A patient may be unaware that they are eligible to participate in free services or clinical trials. Nurses will have this information on hand and may even aggressively seek out individuals who require financial assistance. Several organizations want to assist sick people, yet most patients are unaware that they exist. Nurses are deeply committed to their communities and have a large network of people who can assist them.

Recommending Policy Change

A policy called Shared Governance allows nurses to be more involved in a patient’s medical care. This can be a significant benefit for patients with complex cases who require someone personally involved and familiar with all of their specifics. Nurses are excellent advocates in this regard because they can mobilize other organizations to effect policy change.

The nursing influence on health care policy extends to the whole community. Nurses can encourage change by pleading with policymakers to make changes for the patient’s benefit. They are also excellent public educators, enlightening people about basic healthcare practices and teaching younger nurses with the future in mind.

Support Their Autonomy

A nurse’s job is to look after a patient and make medical decisions, but the patient must always be given the first option. Each patient has the freedom to decline medication and surgery, and a nurse cannot refuse a second opinion. Even if the prescribed medication saves a patient’s life, their autonomy to make those choices must be respected. The distinction is that the nurse must intervene and advocate for a patient who is no longer able to help themselves or whose decision-making process has deteriorated.

In other cases, a nurse can act as the patient’s voice when they are unable to speak for themselves. This could be due to their family’s over-involvement in attempting to deal with the situation, or a hospital’s refusal to comply with their wishes. Nurses are often the only advocates some patients will ever have, even if they disagree with them.

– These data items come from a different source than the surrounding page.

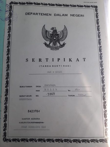 Diperkuat lagi dengan Sertifikat Hak Milik No.28 Surat Ukur No.1069 tahun 1985 Atas Nama Almaruhum Suami Ibuk Saadah TABRANI telah diperiksa dan sesuai dengan daptar dikantor Pertanahn tgl.18.8.2019 DI.303 No.352/2019 Berdasarkan Surat Ketrangan Ahli Waris.Tgl 9.8.2019.No.140/149/2005/IX/2019 Yang dibuat dihadapan Kepala Desa Surabaya berikut saksi dan diketahui Oleh Camat Banding Agung Nama yang berhak pemegang nama Sertifikat Adalah SA’ADAH Setelah di balik namakan selaku Ahli Waris Tunggal dalam pernikahan Tabrani Almarhum dengan Ibuk Saadah yang benar tidak mempunyai Keturunan.
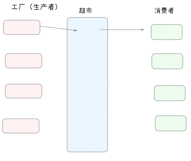 超市在这个模型中的作用,属于一个中间的交易场所,它的货架容量有限——相当于一块内存空间,是一种临界资源
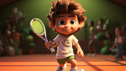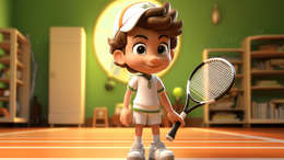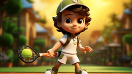 > 拿着网球拍打球的小男孩插画
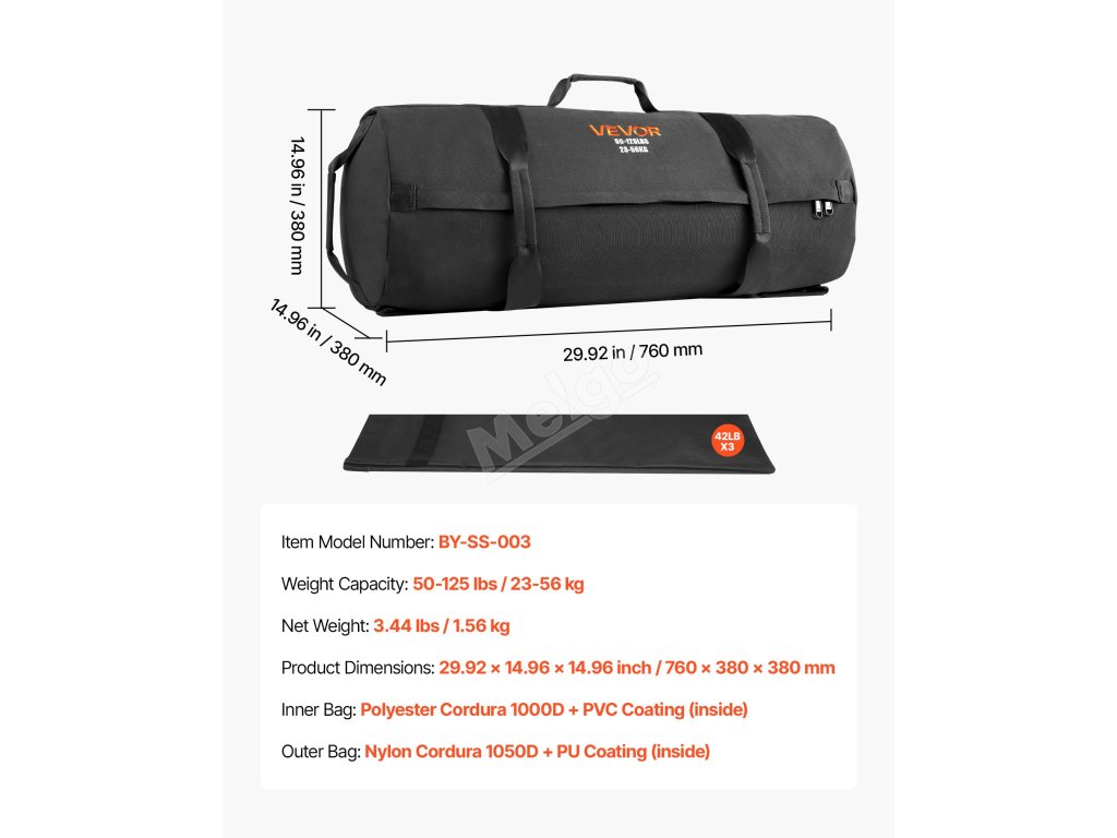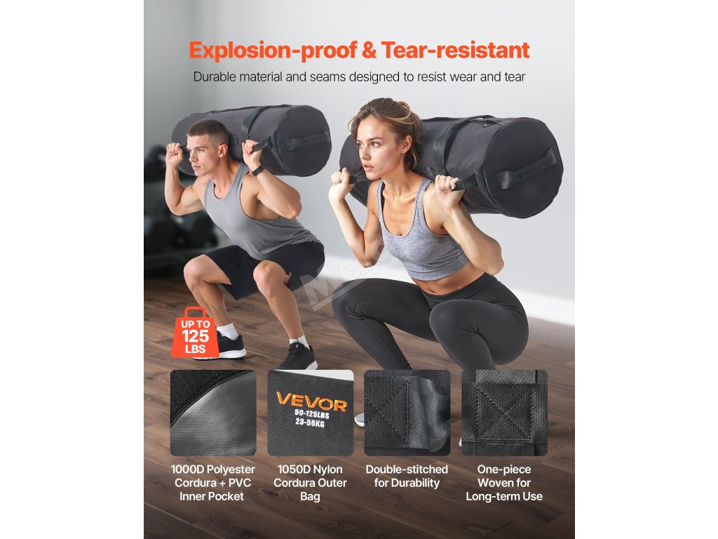 Tento těžký cvičební pytel s pískem je tréninkový nástroj. Vnitřní kapsa je vyrobena z polyesteru Cordura 1000D s povrchovou úpravou PVC a vnější kapsa je vyrobena z nylonu Cordura 1050D. Vak je vyroben z vysoce kvalitních materiálů a má pokročilé těsnění, je odolný, nepromokavý a odolný proti písku, ideální pro všestranný trénink.
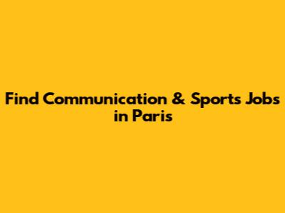 Find Communication & Sports Jobs In Paris
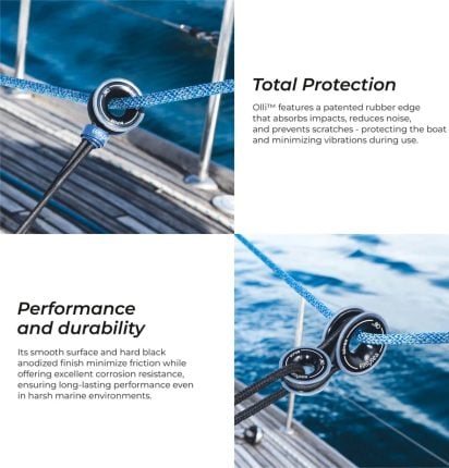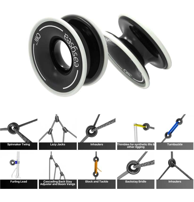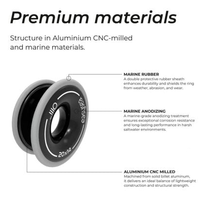 De EASYSEA Olli low friction ringen hebben niet voor niets een Deck Equipment DAME Design Award nominatie ontvangen. Olli wordt in Italië gemaakt van massief aluminium en bewerkt met een CNC-machine voor een mix van afwerkingskwaliteit en technische robuustheid. De anti-corrosiebehandeling van het oppervlak van Olli is verkregen door anodiseren. Volledig bestand tegen maritieme weersinvloeden. Verkrijgbaar in verschillende maten.
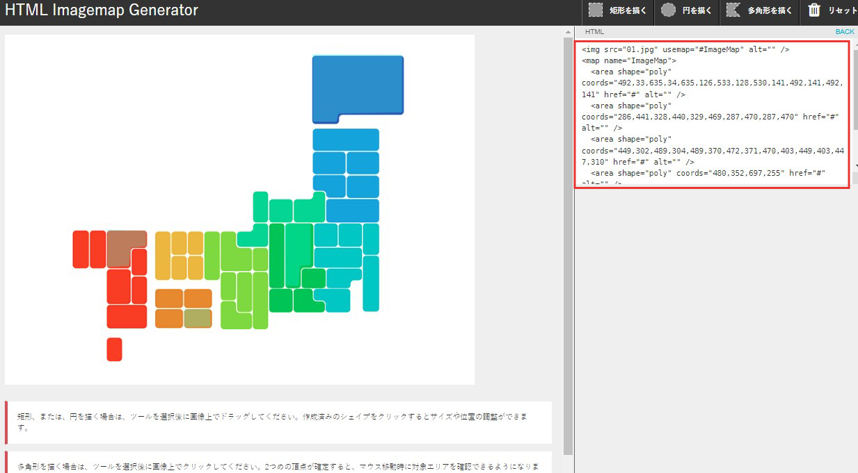 あとはコードをコピーしてhtmlに貼り付ければ、クリッカブルマップの完成です。
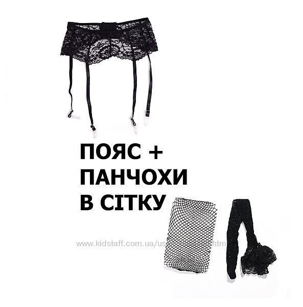 Комплект панчохи в сіточку та пояс для панчіх. Пояс и чулки в сетку. Гарте

Assisting with Various Personal Issues

Nurses are frequently the first professionals people call when they have a healthcare problem since they work with the patient’s best interests in mind. In some circumstances, it is in the patient’s best interest to avoid spending thousands of dollars on a treatment plan that could be handled more easily. Perhaps the patient will be unable to afford healthy meals as a result of spending money on medicine. In the long run, their health may suffer more as a result of their bad diet than the original health problem.

There will be times when a patient requires that costly medication to stay alive. It is frequently the nurse’s responsibility to discuss these personal matters with the patient. Nurses are also available to offer emotional support if they are not being taken care of emotionally as a result of a difficult diagnosis.

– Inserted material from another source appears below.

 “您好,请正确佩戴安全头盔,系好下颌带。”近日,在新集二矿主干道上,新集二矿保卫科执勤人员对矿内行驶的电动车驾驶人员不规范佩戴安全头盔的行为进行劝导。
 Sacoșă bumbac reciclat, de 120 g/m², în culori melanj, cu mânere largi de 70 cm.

Looking Out for the Small Things

Medical care is a difficult career, which is why becoming a doctor requires several years of study and practical expertise. Doctors are not immune to making mistakes. It’s in our nature. Nurses who are present at a patient’s bedside every hour, monitoring every drip, medication, and operation, may notice minor errors. If a patient has a complicated medical history or fails to mention a prescription they are taking, a doctor may be unaware that the new treatment would have side effects.

At all times, nurses must maintain a high degree of concentration. To maintain excellent patient care, they must take enough breaks and not work long shifts. A nurse may detect if a patient is too embarrassed to acknowledge that they don’t comprehend something. Their treatment will need to be thoroughly discussed with them so that they are aware of all aspects of their care.

A patient could be a young child who has recently been through a traumatic event. Moving them to a different area might be healthier for their physical health, but it would be detrimental to their mental health. When no one else will speak out for a patient, a nurse must know how to handle these situations.